Hire more analysts who don’t exist to interpret more telemetry that you should ignore in order to not detect attacks that will defeat the defenses you deploy at great cost.
The logic is surreal. Yet the technology is state of the art and the advice is well-intentioned. The products all work, in the sense that they do what the vendors say they do.
The cause of the madness is doctrinal. Defenses are static; the fact that they have to be static is an article of faith. In this spirit, they are deployed in depth, at known network and host control points, and behave in predictable ways. This makes sense in some cases. Unsophisticated attacks may well be detected. But known defenses stumble when they encounter unknown and unknowable attacks like the ones advanced attackers specialize in. These sophisticated attacks do great damage. Attackers know your defenses and evade them, using ingenious techniques and the assurance that you will remain static and predictable so they can be dynamic and unpredictable. Your cost of modifying the defense is high; even maintaining it is high. Their cost of designing a new or unknowable variant of an attack is close to zero. That’s why there are three billion attacks per year. How many times per year do you change your defenses?
We regularly see Moving Target Defense when the stakes are existential--in modern warfare, where mobility rules. Castles, forts, and fixed positions are relics of bygone times. Now the stakes are equally high on the cyber battlefield, and Moving Target Defense works there too. Moving Target Defense by Morphisec on the endpoint prevents in-memory attacks. It hides targets from attackers, shifting the cyber battlefield in favor of the defender.
When Morphisec’s Moving Target Defense technology is added to an endpoint, attacks cannot find the system resources they need to exploit the vulnerabilities they are targeting.
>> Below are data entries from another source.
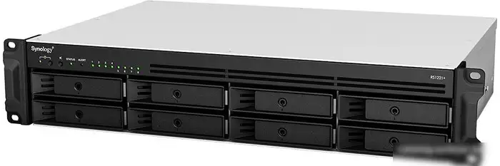 Сетевой накопитель Synology RackStation RS1221RP+ подходит для резервного копирования, хранения файлов, веб и почтовых серверов, видеонаблюдения и виртуализации. Он устанавливается в 19-дюймовую стойку и занимает 2U пространства, имеет 8 отсеков для жестких дисков и внешний порт для подключения дополнительных устройств. Благодаря мощному процессору AMD Ryzen V1500B и 4 ГБ оперативной памяти (с возможностью расширения до 32 ГБ) устройство быстро обрабатывает данные. Поддерживаются различные файловые системы и RAID уровни, что обеспечивает безопасность и надежность хранения информации. Обеспечивается аппаратное шифрование данных и горячая замена дисков без остановки работы. RS1221RP+ подключается к сети через 4 порта Gigabit Ethernet и поддерживает работу с внешними облачными сервисами, такими как Google Drive или Dropbox. Встроенные функции позволяют управлять виртуальными машинами и работать с IP-камерами. Устройство также умеет работать как медиа и веб-сервер, поддерживая протоколы FTP, SMB, AFP, NFS и другие.
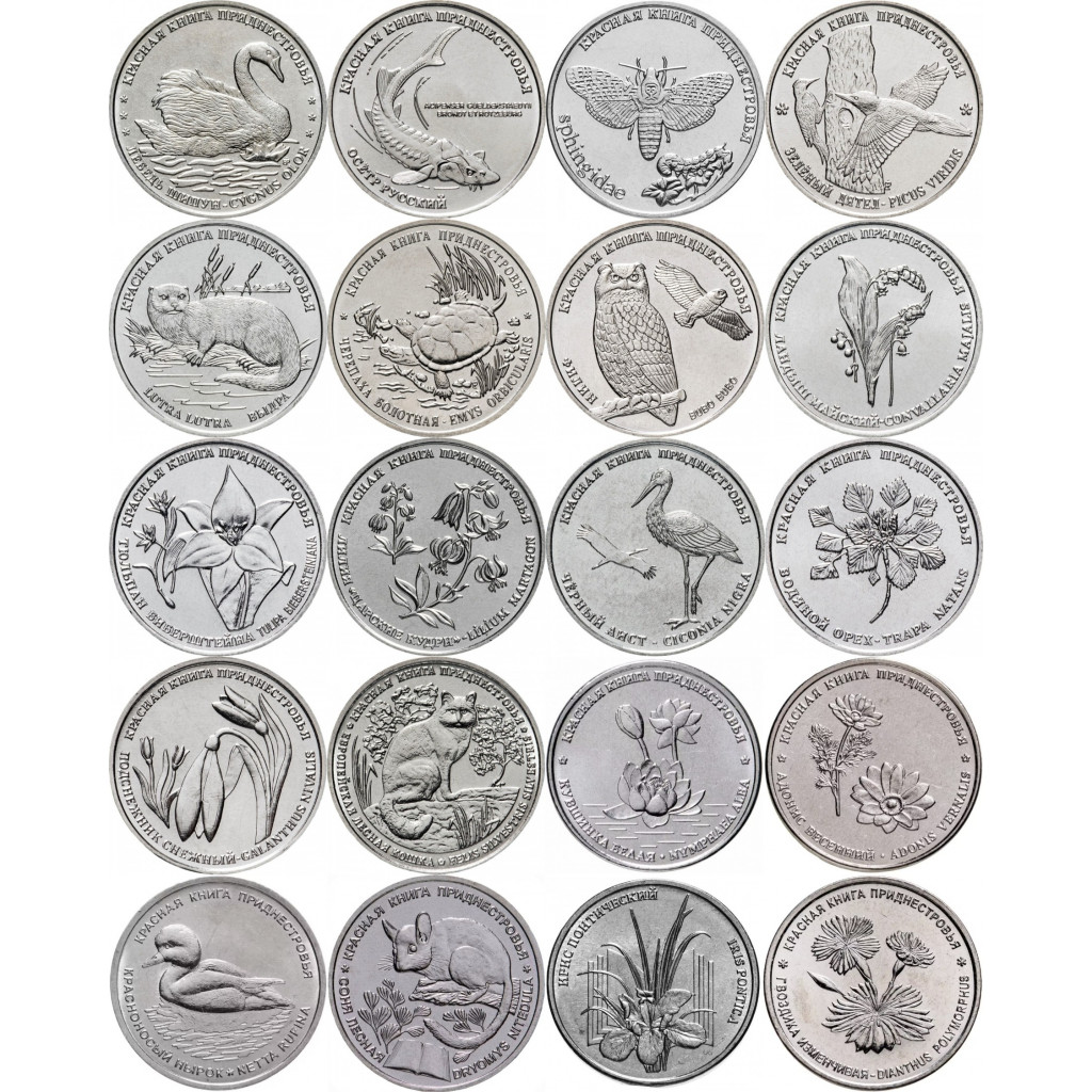 Приднестровье 1 рубль 2018-2025 год Красная книга Набор 20 монет UNC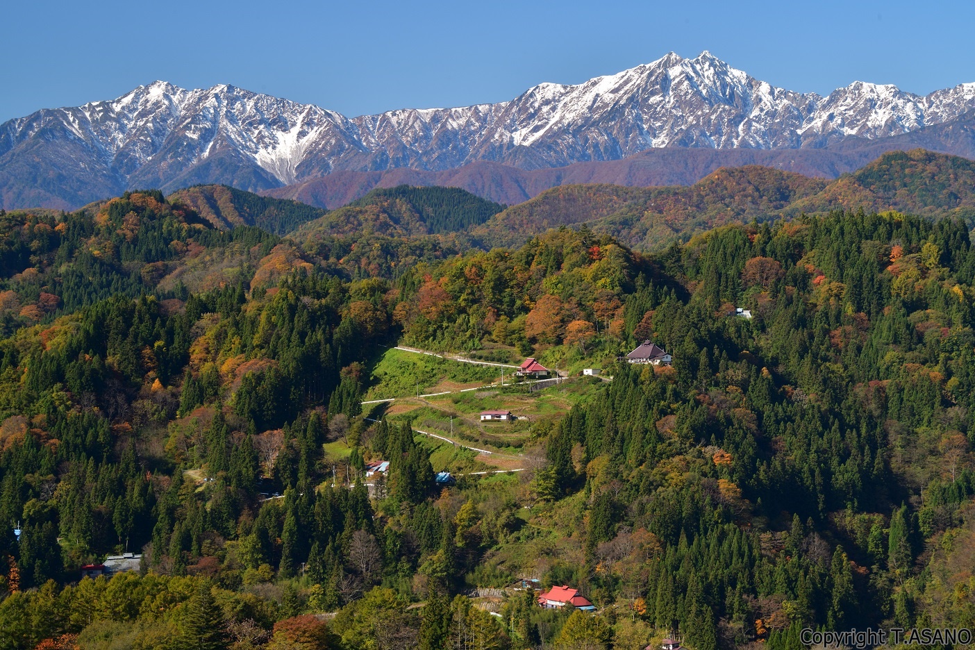 北アルプスを望む山あいの絶景集落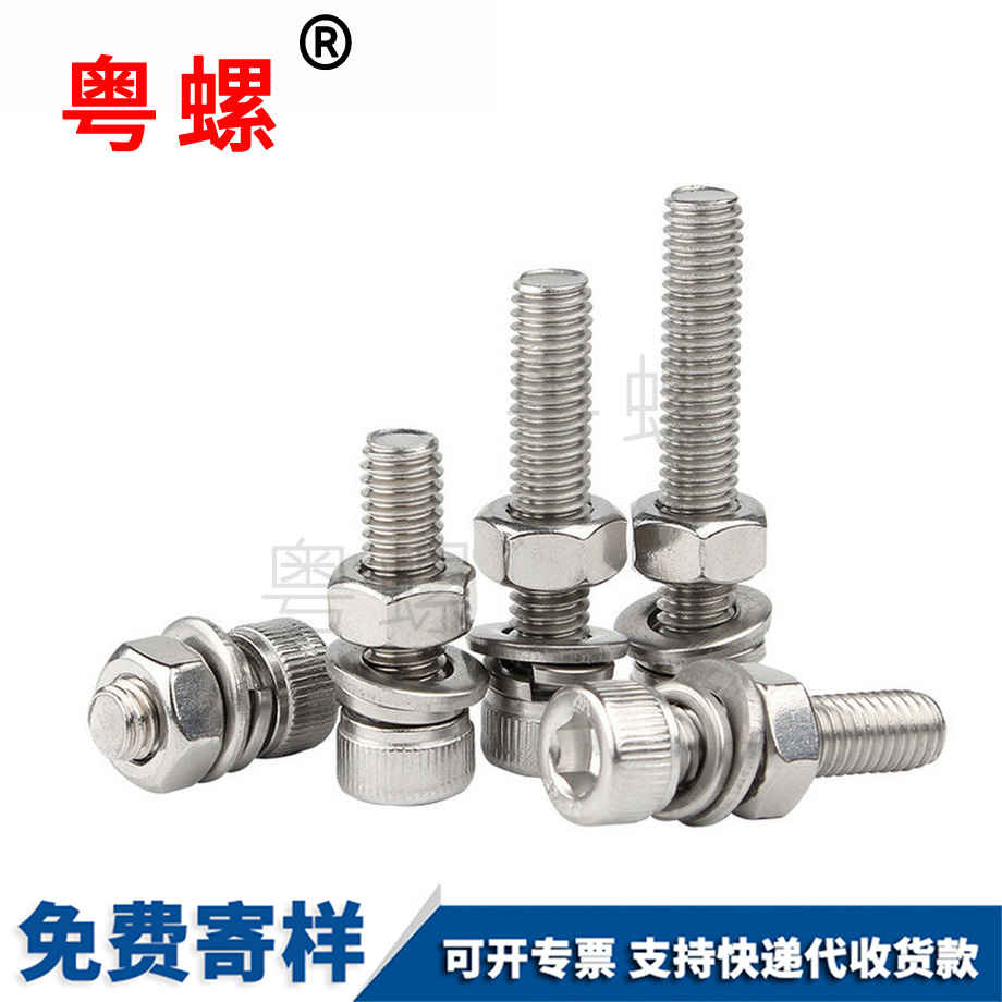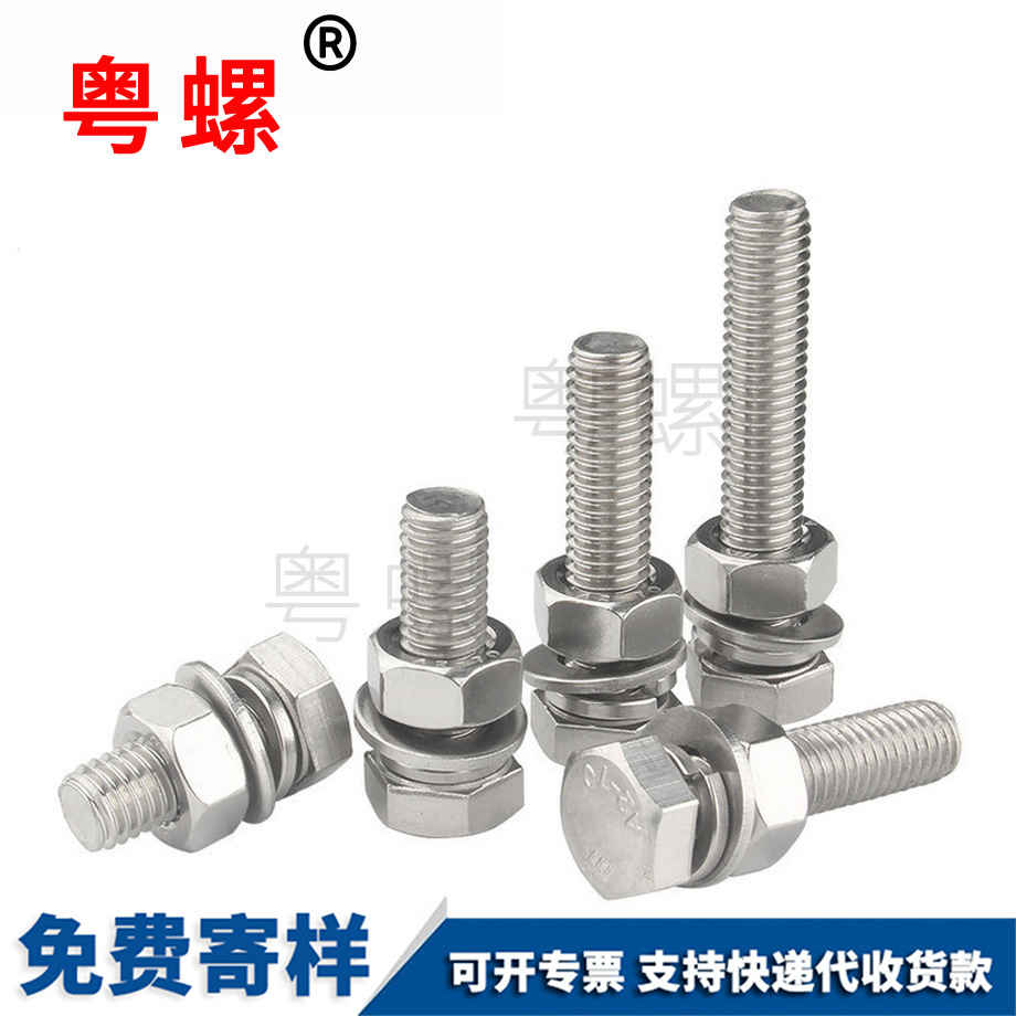 加工304不銹鋼 外六角三組合帶墊片 螺絲 彈墊十字槽組合 螺栓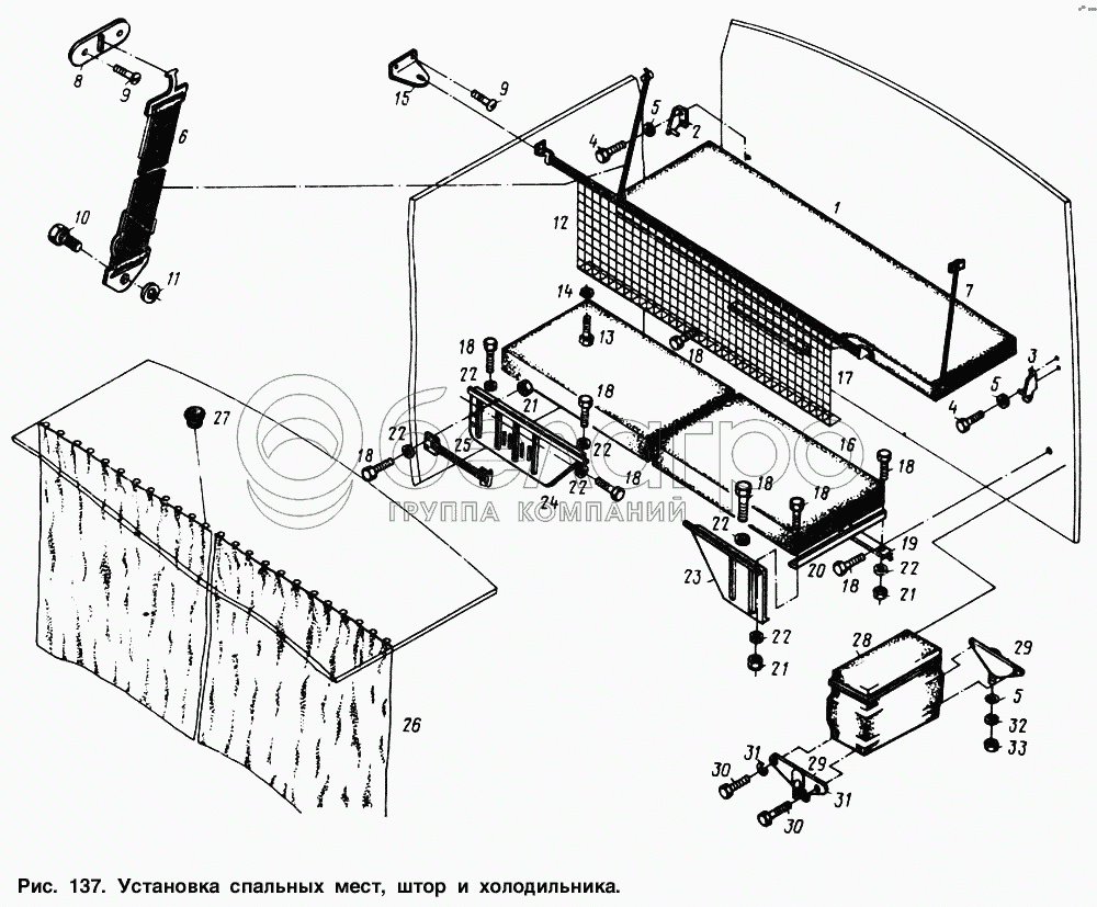 Каталог запасных частей к технике: МАЗ-54321. Установка спальных мест, штор и холодильника

Morphisec renders the system resources unknown and unknowable to the attack by randomizing the memory structures. In-memory attacks - ransomware, data exfiltration, zero days or unpatched vulnerabilities - are prevented deterministically: no detection, no monitoring, no rules, no signatures, no extraneous telemetry, no false positives or negatives. Think Maytag repairman. If you terminate the attack before the kill chain starts, you don’t need to do much.
When attacks target application vulnerabilities, the memory resources serve as the highway for the attack. What Morphisec does is move all the roads, all the intersections, all the buildings along the roads, and all the topography. Leaving behind no map, no forwarding address, no local guides. And it does this anew, every time an application loads. Entropy is high, which is bad news for attackers. The new math is the defender’s friend.
No target, no exploit. It’s more than game-changing; it’s game over.
Moving Target Defense restores the 24-hour day and gives the aspiring artist a violin to practice on. Common sense prevails and battling cyber-adversaries falls into just the right balance: 100% method, 0% madness.